The school gates
Fiona Snyckers
Modjaji Books
ISBN: 978-1-928433-19-4
Fiona Snyckers is arguably one of South Africa’s most prolific authors. Her novels range from young adult stories, such as the delightful Trinity series, to mysteries and light fiction with an edge, such as The school gates. Then there is her very serious fiction, such as Lacuna*, which gives an alternative point of view from the raped victim of JM Coetzee’s Disgrace. Her work deals with a broad spectrum of subject matter, yet even the apparently light-weight fiction has a serious bite to it.

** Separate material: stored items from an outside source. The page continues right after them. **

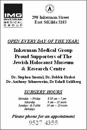 The Elsternwick Holocaust Centre has been in the news lately, as a place for fostering understanding and indicating what can occur when racism and hatred raises their ugly heads. Its importance and acceptance by the wider community was shown following the Caulfield attack on Menachem Vorchheimer. It was given a wide coverage by almost all of the daily press, TV and radio. And perhaps, as many Melbourne Herald Sun readers were reported as saying, due to recent events, it was a “frightening sign of the times”. There has also has been a general increase in anti-Semitic actions, including graffiti, indicating the urgent need for all to support the Centre and its activities, not only in keeping alive the message of the Holocaust but in its ever-widening diverse outreach educational program.
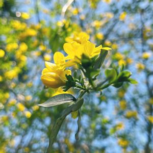 散歩🚶♀️より やっぱり黄色が眼に止まります✨😌✨ 黄梅 (雲南黄梅のようです) 毎年ここを通る時に気になる花です😂モリモリに咲いてます。
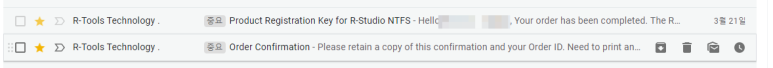 구매후에는 메일이 2개 온다. 하나는 라이센스 키 정보, 하나는 인보이스이다.

The school gates is a single protagonist novel (what a relief for my tired brain it was to follow just one character’s story, for a change!) which focuses on Ella Burchell, a professional ballerina who has decided to take some time out from the demanding world of professional dancing as a prima ballerina to regain her health. She chooses an apparently peaceful seaside town on the North Coast of KZN to regain her sense of self. It soon becomes obvious that Ella has a serious eating disorder. She developed this to maintain her slimness for her career under the regime of her mentor and former lover, Peter, whose main aim was to keep Ella as skinny as possible, as all ballet dancers are meant to be. Ella is driven to escape to Pineapple Beach after she almost collapses on stage during a performance due to extremely low blood sugar.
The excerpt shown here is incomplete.